Kneecap are teetering on the precipice of something they probably could only have dreamed of

Kneecap

Olympia Theatre
★★★★☆

Is there a more buzzed about Irish group right now? The punk-rap three-piece Kneecap – Mo Chara, Móglaí Bap, DJ Próvaí – are teetering on the precipice of something they probably could only have dreamed of a few years ago, yet have willed into being through graft, talent, and a natural refusal to deviate from who they are.

January will see the group premiere their debut feature film – loosely based on their lives and ascent – on the opening night of Sundance, making it the first Irish-language film ever selected for the largest independent film festival in the United States. This will be followed by a North America tour in March, with venue sizes already increasing following their recent autumn tour there. Their yet-to-be-released debut album, recorded in London and produced by Toddla T, has been preceded by a single featuring Grian Chatten of Fontaines DC.

This show is the first of a series closing out 2023; two nights at the 3Olympia in Dublin, followed by Derry, Belfast, and Cork. They’ve certainly come a long way from getting thrown out of their own gigs.

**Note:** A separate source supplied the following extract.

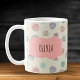 Esta caneca personalizada adorável apresenta rabiscos de corações simples, pontos e linhas onduladas pintadas com aquarelas macios em rosa-pincel, verde-menta, lavanda e amarelo-pálido.

The crowd is leaping from the start, kids in Idles and Lankum T-shirts, pint-splashed Palestine flags waving. The room goes to black. Two men in opposite balcony boxes are spotlit, wearing DJ Próvaí's trademark tricolour knitted balaclava. The roar becomes a scream as the group arrives, launching into their 2023 single, It’s Been Ages: “Oh it’s been ages, since we made the front pages. Sin deireadh linn ár hiatus.”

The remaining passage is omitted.